**BRIEF**
Below are records; from the line containing "Piękny unikatowy wisior" through the very last line, output each line exactly. No pictures.

(Stored records)
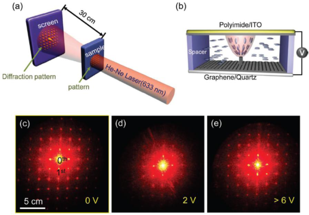 Figure 6 shows the diffraction pattern through the graphene/vertically aligned CNTs (VACNTs) hybrid structure as a function of the applied voltage from zero to 6 V [16]. We used a He-Ne Laser with a 633 nm wavelength to generate diffraction patterns from the graphene/VACNT hybrid structure on a quartz substrate, as shown in Figure 6a.
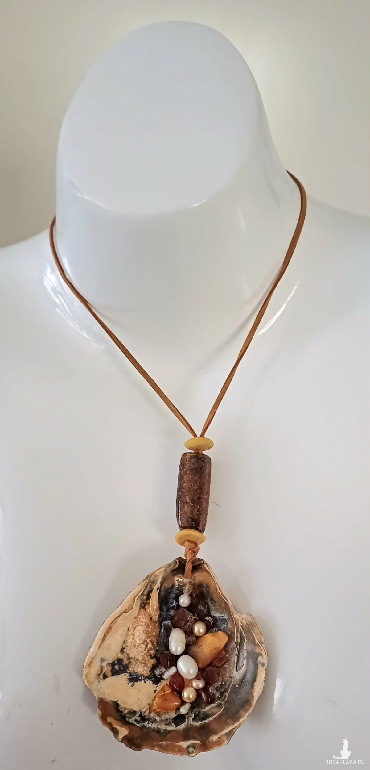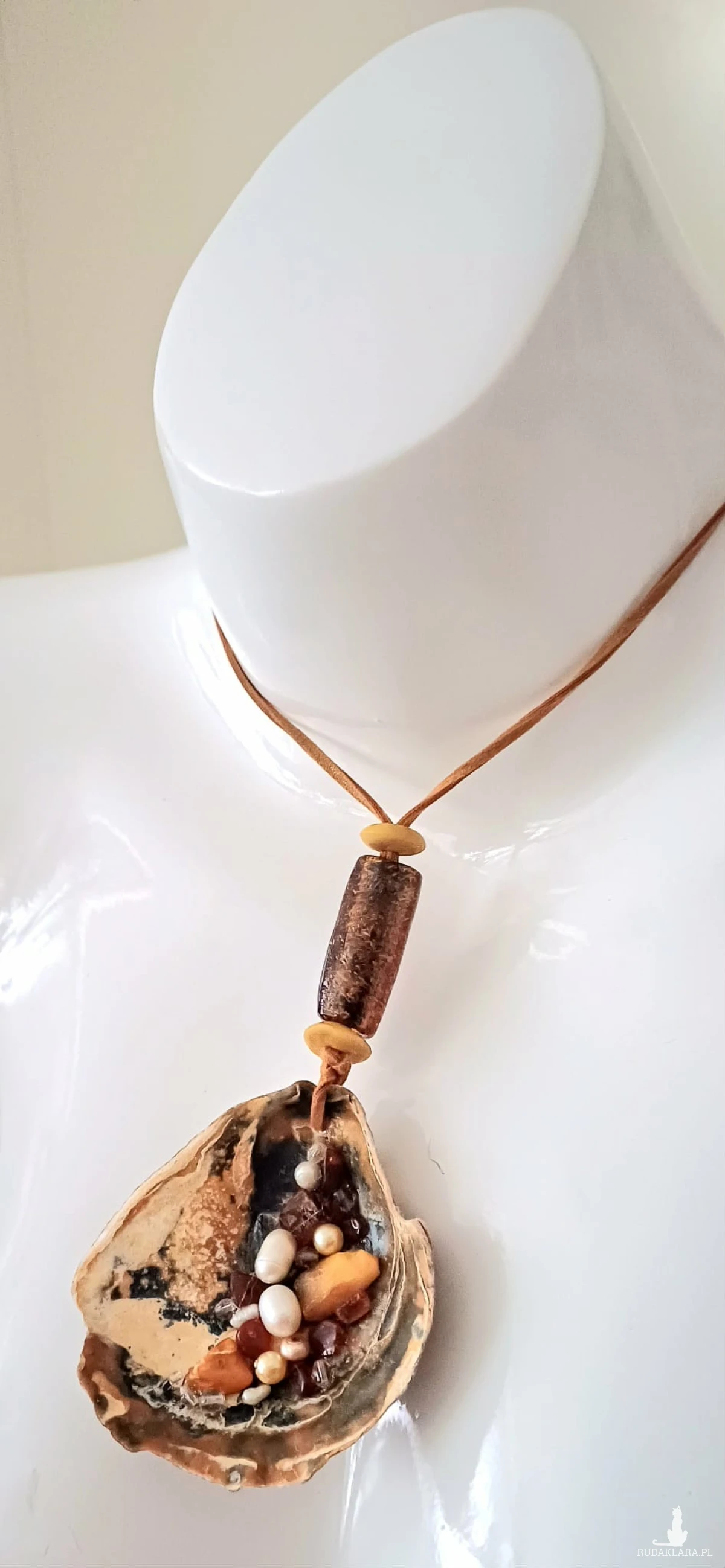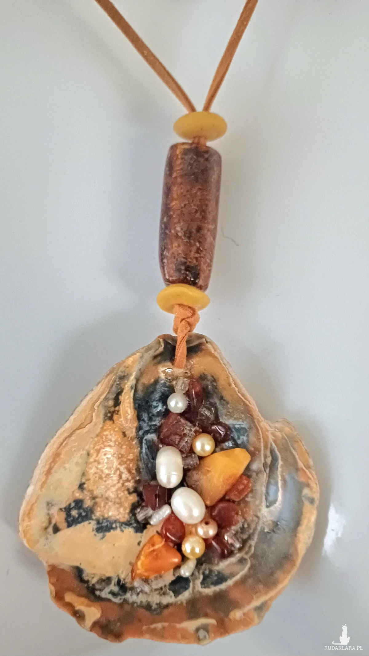 Piękny unikatowy wisior z muszli ostrygowej - dodałam perełki, bursztyn, kryształki i piękny duży szklany koralik. Każda muszla - symbol kobiecości - jest jedyna w swoim rodzaju !
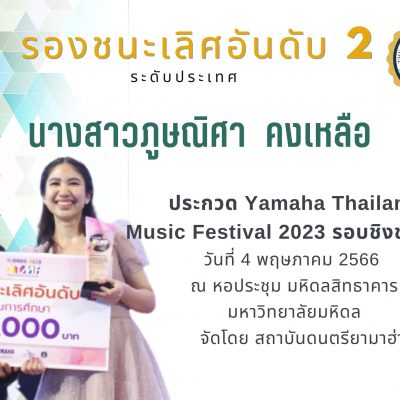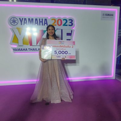 – รางวัลรองชนะเลิศ อันดับ 2 รายการแข่งขัน Yamaha Thailand Music Festival 2023 รอบชิงชนะเลิศชิงถ้วยประทาน ประเภท Singing with backing track รุ่นอายุไม่เกิน 15 ปี รับรับใบประกาศนียบัตร พร้อมโล่รางวัล และเงินทุนการศึกษา 5,000 บาท เมื่อวันที่ 4 พฤษภาคม 2566 ณ หอประชุม มหิดลสิทธาคาร มหาวิทยาลัยมหิดล ศาลายา จัดการแข่งขันโดย สถาบันดนตรียามาฮ่า
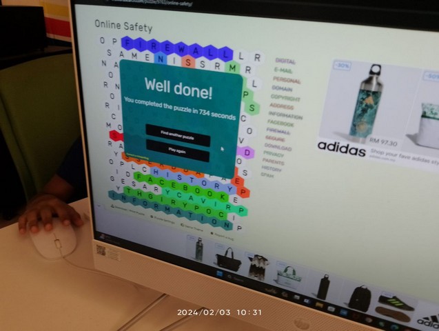 Seterusnya, aktiviti e-learning educational wordsearch bertajuk ‘Online Safety’ untuk pelajar. Pelajar yang menyertai kelas ini perlu mencari perkataan tersembunyi bertemakan keselamatan internet. Kelas diadakan bermula jam 10.00 pagi hingga 12.00 tengahari.
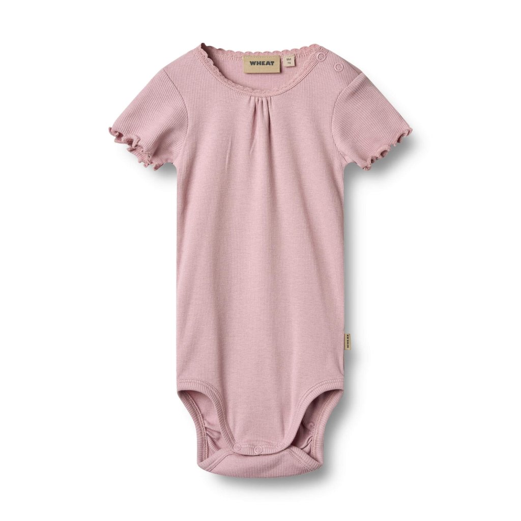 Body dziecięce z krótkim rękawem z bawełny organicznej i modalu Edna Lavender mist Wheat
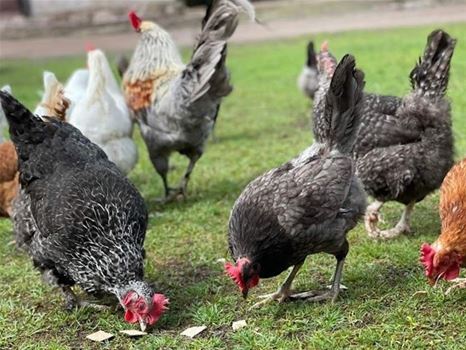 Ta en paus och avnjut kaffe och glass i härlig miljö där hönsen springer fritt omkring.
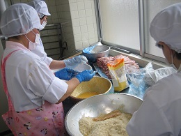 衣は、小麦粉、片栗粉、米粉、スキムミルク、塩、こしょうを合わせて作りました
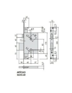 Cerradura embutida CISA modelo 57255 de golpe y llave, con varillas.

**SOLVED EXERCISE**
 Piękny unikatowy wisior z muszli ostrygowej - dodałam perełki, bursztyn, kryształki i piękny duży szklany koralik. Każda muszla - symbol kobiecości - jest jedyna w swoim rodzaju !
 – รางวัลรองชนะเลิศ อันดับ 2 รายการแข่งขัน Yamaha Thailand Music Festival 2023 รอบชิงชนะเลิศชิงถ้วยประทาน ประเภท Singing with backing track รุ่นอายุไม่เกิน 15 ปี รับรับใบประกาศนียบัตร พร้อมโล่รางวัล และเงินทุนการศึกษา 5,000 บาท เมื่อวันที่ 4 พฤษภาคม 2566 ณ หอประชุม มหิดลสิทธาคาร มหาวิทยาลัยมหิดล ศาลายา จัดการแข่งขันโดย สถาบันดนตรียามาฮ่า
 Seterusnya, aktiviti e-learning educational wordsearch bertajuk ‘Online Safety’ untuk pelajar. Pelajar yang menyertai kelas ini perlu mencari perkataan tersembunyi bertemakan keselamatan internet. Kelas diadakan bermula jam 10.00 pagi hingga 12.00 tengahari.
 Body dziecięce z krótkim rękawem z bawełny organicznej i modalu Edna Lavender mist Wheat
 Ta en paus och avnjut kaffe och glass i härlig miljö där hönsen springer fritt omkring.
 衣は、小麦粉、片栗粉、米粉、スキムミルク、塩、こしょうを合わせて作りました
 Cerradura embutida CISA modelo 57255 de golpe y llave, con varillas.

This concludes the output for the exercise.